(Beginning of Material to process)

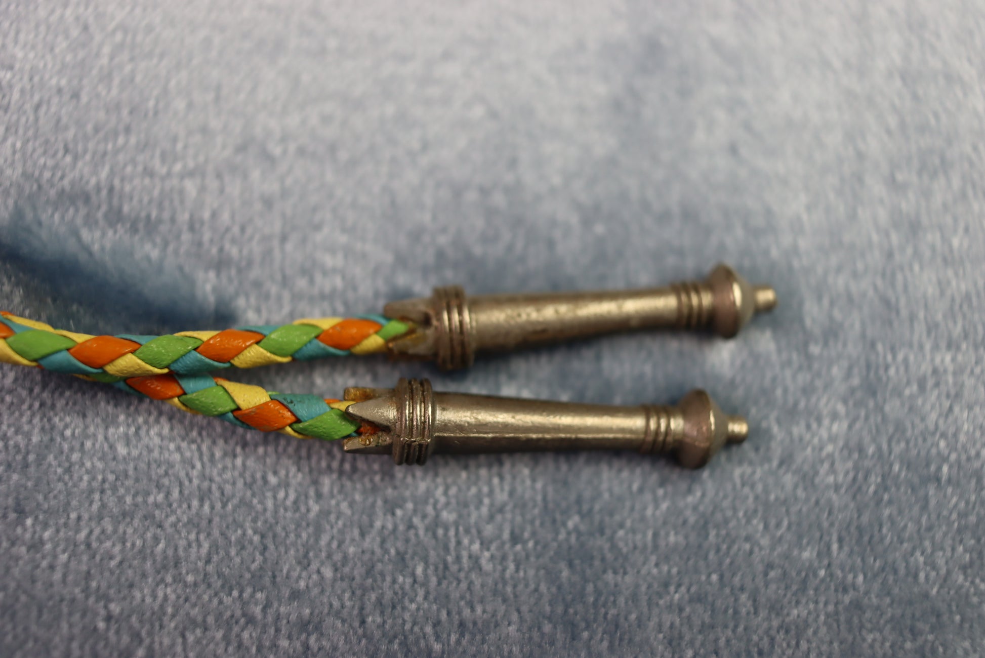 Multicoloured woven cord (90cm total length approx), heavy metal aiglets.
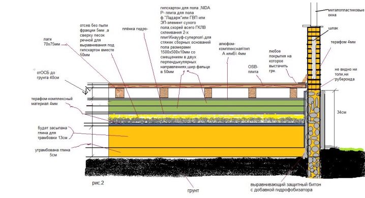The preference given to a particular structure depends on the purpose of the building. In the summer kitchen or in the country, which are operated in the summer, there is no need to create complex structures. In this case, the boards are stacked on the logs. Of course, this floor will not keep warm.
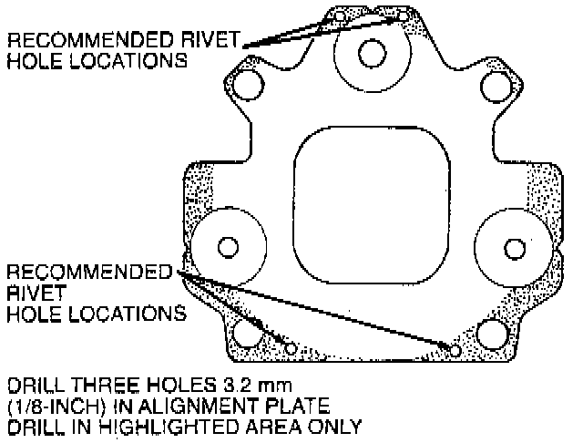 Drill three 3.2 mm (1/8 inch) holes through alignment plate and paint exposed metal.
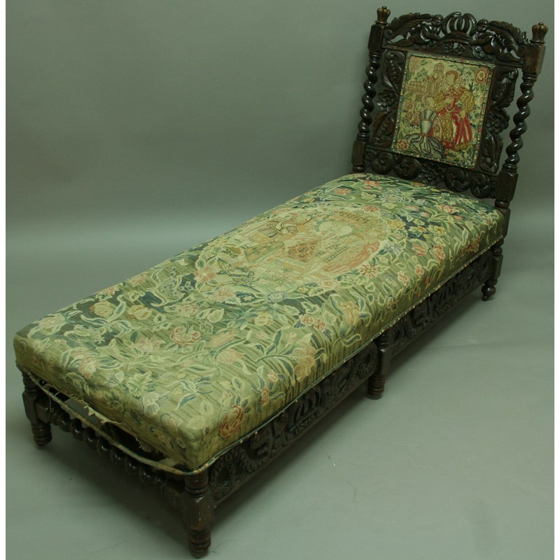CAROLEAN STYLE OAK FRAMED DAY BED the backrest carved with crown, angels and flowers with tapestry backrest and bed cover, 178cm.
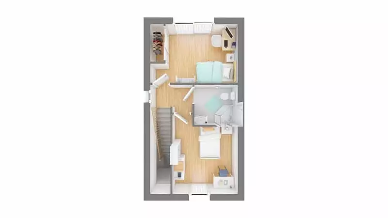 La maison dispose de 3 chambres et de 4 pièces, dont une suite parentale au rez-de-chaussée, permettant aux parents de vivre confortablement en bas pendant que les enfants se partagent l’étage. Une deuxième salle de bains est également présente pour plus de confort.
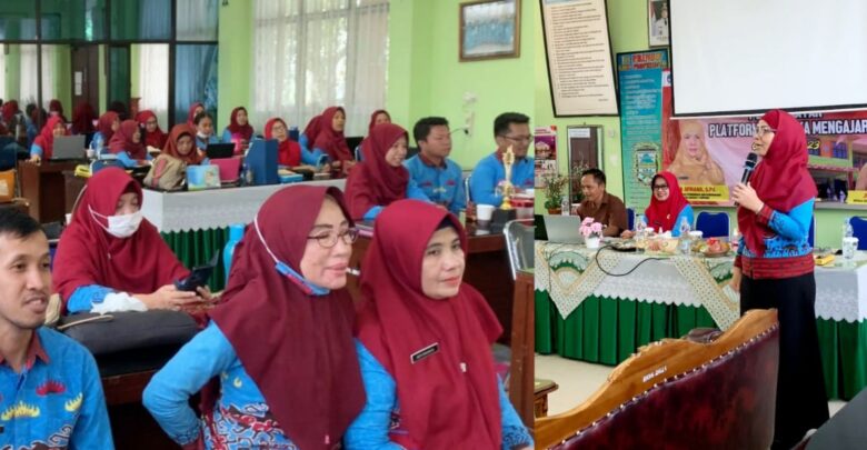 Kepala Disdikbud Bandar Lampung, Hj. Eka Afriana, S.Pd, saat memotivasi para guru pada kegiatan IHT Pemanfaatan Platform Merdeka Belajar, di SMPN 7 Bandar Lampung, Kamis, 6 Juli 2023. DOK SEKOLAH
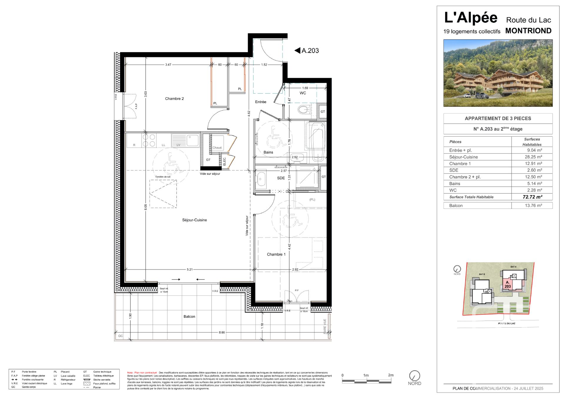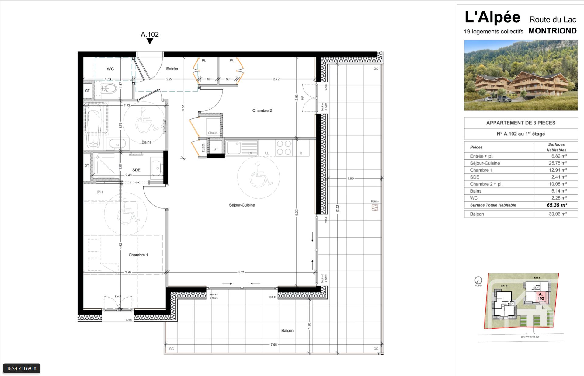 Appt A202 is a super duplex apartment located on the second floor of the residence. On the first floor of the apartment, the kitchen and living area is open plan and very spacious at 33.51m2, with access via patio doors to the balcony of almost 14m2, and a vaulted ceiling into the roof area. The first bedroom is also on this level, with access to a second balcony of 10m2, and there is also a bathroom and separate wc. Upstairs, the apartment has a large second bedroom, a generous ‘coin montagne’, and a second bathroom and separate wc. The total surface area of the apartment is 107.02m2.
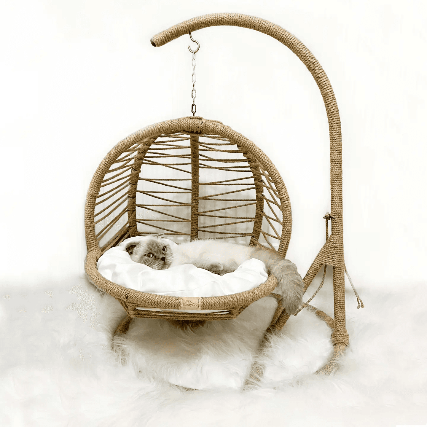 This rocking pet bed is covered with natural jute rope on a solid metal frame, creating a perfect balance between functionality, aesthetics, and sustainability. Its contemporary design makes it ideal for any environment, becoming a decorative element as well as a comfortable refuge for the pet. Its ergonomic shape allows it to be easily placed in any corner of the house, making it ideal even for smaller spaces.
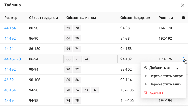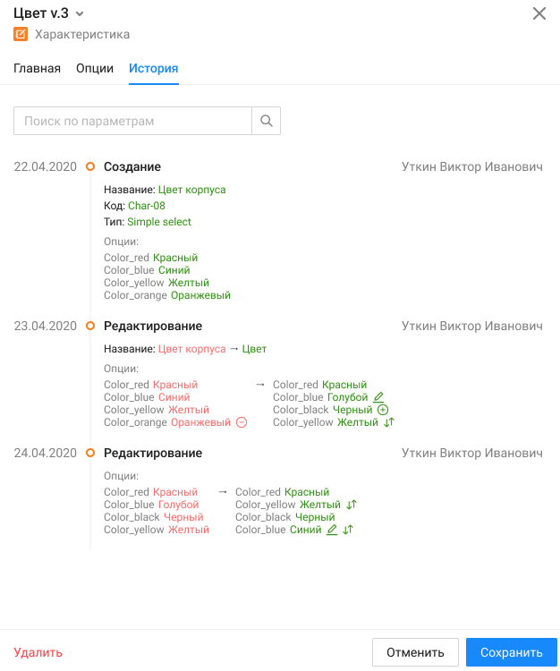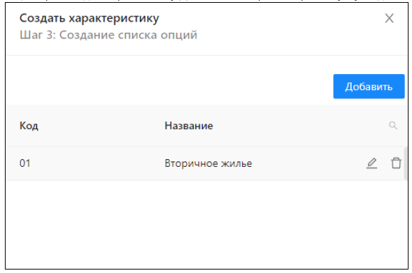 после чего данная опция будет создана. Возможно ее редактирование и удаление. Добавление дополнительных опций происходит через кнопку Добавить в верхнем правом углу модально окна
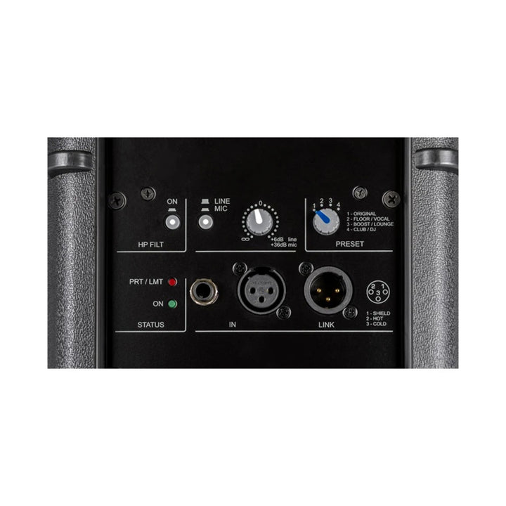 - Pannello di controllo: XLR IN e XLR LINK, Volume, Preset EQ, filtro HP, selettore GND LFT
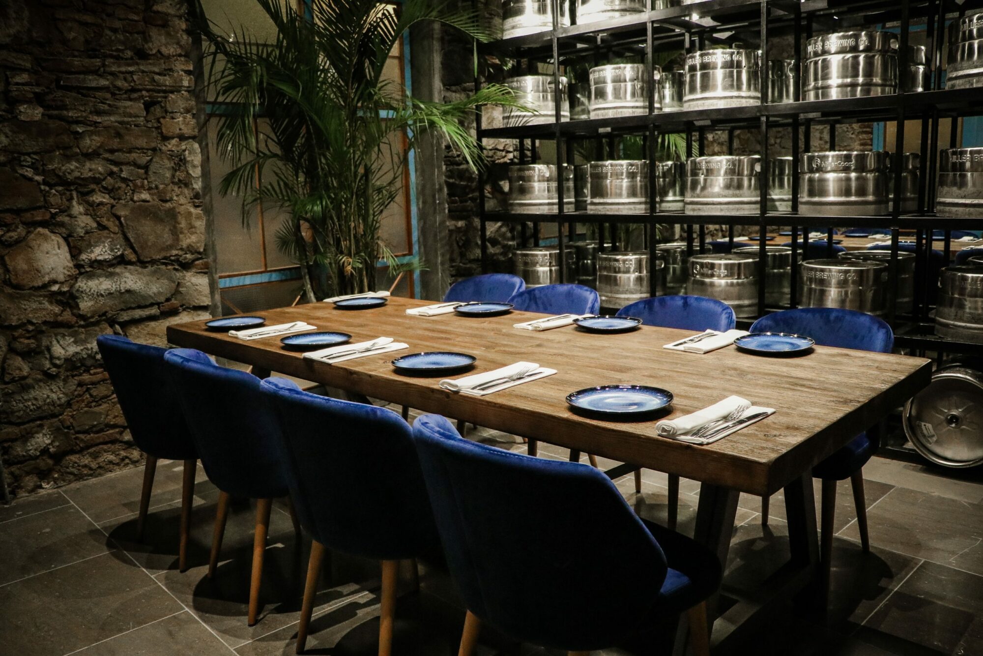 Comfort and conversation are major design focal points; curved, blue booths offer guests cosy spots to settle in for the night, while high level, private dining rooms and terrace seating set the scene for every occasion – all wrapped in brewhouse artwork, keg displays and pops of brand blue. Warm, decorative lighting cascades from the second floor, encouraging a relaxed atmosphere that pairs well with the restaurant’s small plates and sample menus. Natural materials and abundant plants work in contrast with the urban fixtures, transforming a historic building into a modern bar experience. Now look up – the blue moon, a statement light feature that glows with the confidence of a brand who launched in Denver and now pumps life into Panama City.
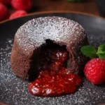 Un délicieux fondant au chocolat noir avec un cœur de framboise juteux qui fera fondre n’importe quel cœur.
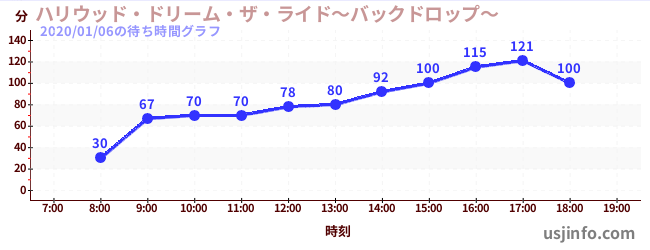 • ハリウッド・ドリーム・ザ・ライド〜バックドロップ〜$B$N(B2020年01月06日の待ち時間
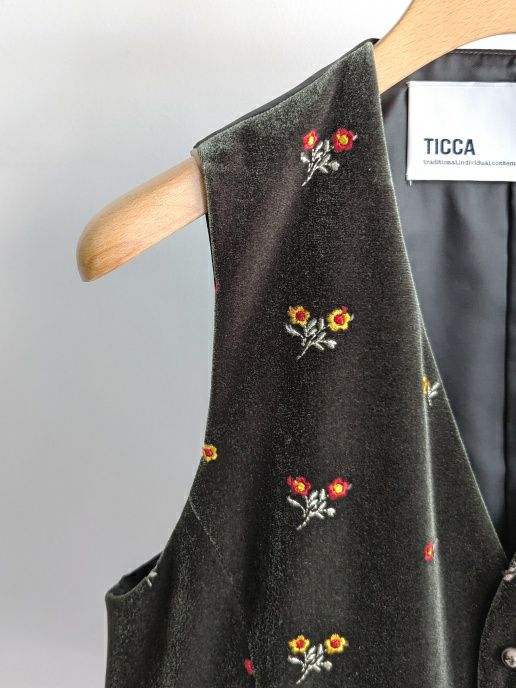 ベロア生地に花柄刺繍をあしらったレトロ感が可愛らしいベスト。コンパクトなサイズ感や、後ろ見頃に別地を使用するなど、敢えての本格的なドレス仕様が、お洒落で個性的なコーディネートを作りだしてくれます。
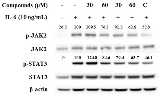 To determine the inhibitory mechanism of pSTAT3-induced gene, pSTAT3 expressions of Hep3B cells were investigated using immunofluorescence staining. The results showed that the compounds downregulated pSTAT3 nuclear translocation and pSTAT3 expression (Figure 4). Furthermore, Western blot analysis of JAK2 and STAT3, which are IL-6 signaling molecules, showed that the compound treatment decreased phosphorylations of JAK2 and STAT3 (Figure 5). These results indicate that the compounds regulate IL-6/STAT3 signaling through JAK2.
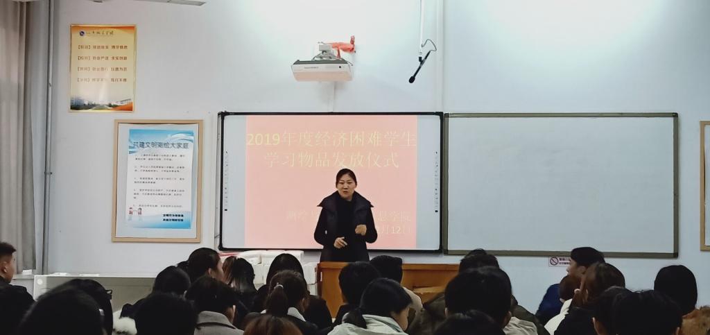 (通讯员:许东辉 张雅)beat365亚洲体育官方网站为做好资助工作,帮助家庭经济困难员工有更快乐健康的学习生活,于12月12日中午,在5号教学楼110教室举行“落实精准扶贫政策,发挥资助育人作用”的困难生资助活动。公司党总支副书记卫柳艳、团学办任许东辉、辅导员常莉、李方圆以及本次给予资助的90余名员工参加,活动由许东辉主持。
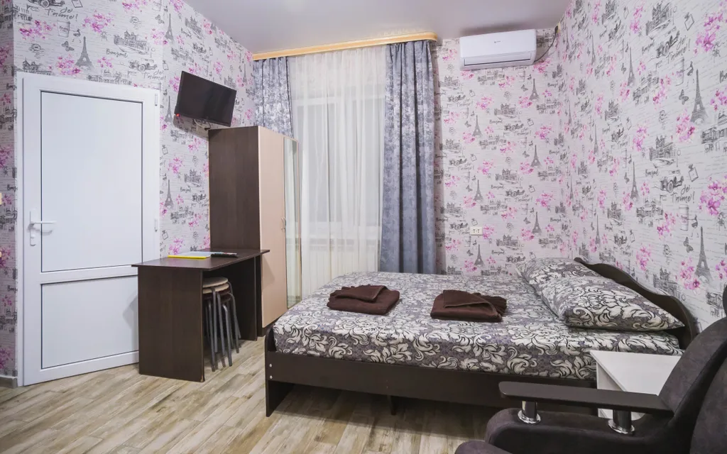 В номере есть все необходимое: кухонная зона, двухспальная кровать 1,4 м и диван- кровать 1.4 м, шкаф, прикроватная тумба, стол, TV, холодильник,сплит - система, фен,чайник, микроволновая печь,варочная панель,набор посуды ,набор полотенец, совмещённый санузел и косметика для ванны. В стоимость номера включено: бассейн с подогревом 4*8 с детской зоной, шезлонги, зона барбекю и столики, детская площадка, анимация для детей-летом, Wi-Fi, кухни для самостоятельного приготовления.
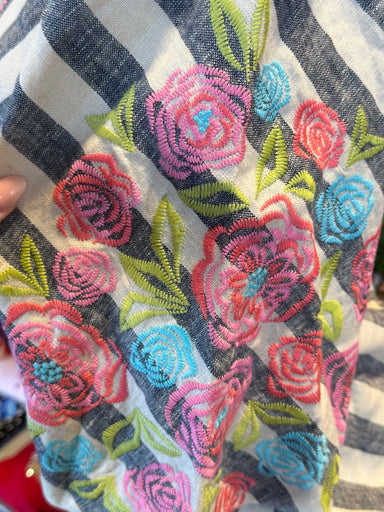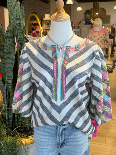 The Leishon Gray Top features a linen blend fabric with a distinctive blue stripe pattern, enhancing breathability and comfort. It is adorned with ...
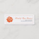 A single blossom in bright orange calls attention to this skinny business card. A great way to introduce yourself and easy to carry around. Add whatever contact information you please. Available in alternate colours with matching products.
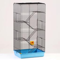 Клетка-вольер для животных (хорьков, белок, шиншилл, крупных дегу, крыс) с выдвижным пластиковым поддоном с высокими бортиками, который максимально упрощает процесс уборки. На фасаде клетки имеются две большие удобные дверцы с надежными запирающими механизмами.
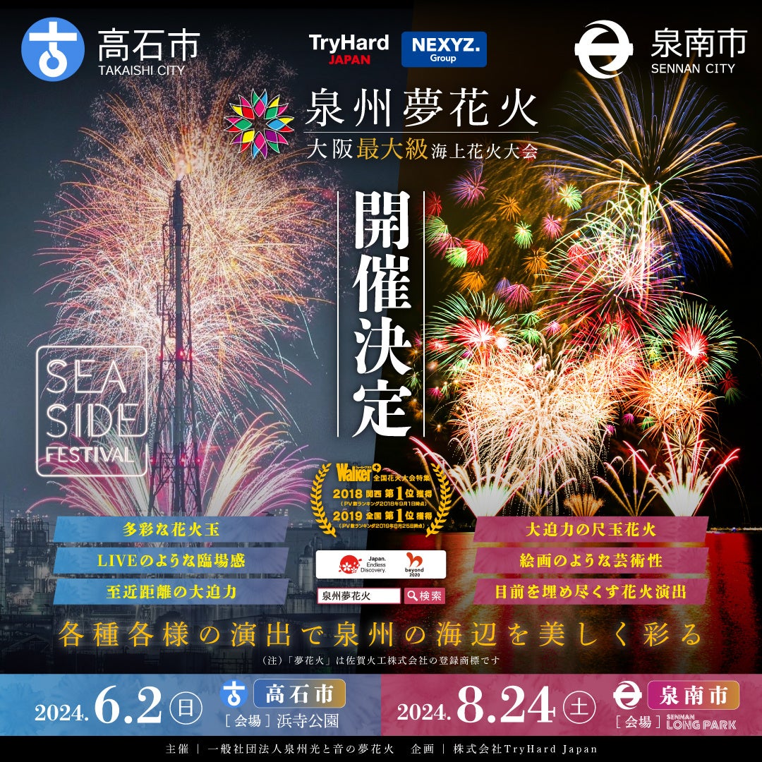 国土交通省観光庁、文化庁、環境省、経済産業省、大阪府、大阪市、堺市、泉南市、和泉市、高石市、泉大津市、貝塚氏、泉佐野市、岸和田市、阪南市、忠岡市、田尻町、熊取町、岬町、神戸市、大和リース、福岡ソフトバンクホークス、JTB、KDDI、ローソンエンタテインメント、キリンビール、サッポロビール、コカ・コーラボトラーズジャパン、レッドブル・ジャパン...and,more
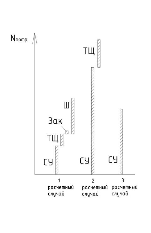 Рис.5. Оценочный график потребных мощностей гидроприводов на разных расчетных режимах.

(End of Material to process)

[Exercise] Within the listing above, copy exactly the lines that start at the one with "This rocking pet" and continue through the one with "- Pannello di". Omit pictures.

[Exercise result]
 This rocking pet bed is covered with natural jute rope on a solid metal frame, creating a perfect balance between functionality, aesthetics, and sustainability. Its contemporary design makes it ideal for any environment, becoming a decorative element as well as a comfortable refuge for the pet. Its ergonomic shape allows it to be easily placed in any corner of the house, making it ideal even for smaller spaces.
 после чего данная опция будет создана. Возможно ее редактирование и удаление. Добавление дополнительных опций происходит через кнопку Добавить в верхнем правом углу модально окна
 - Pannello di controllo: XLR IN e XLR LINK, Volume, Preset EQ, filtro HP, selettore GND LFT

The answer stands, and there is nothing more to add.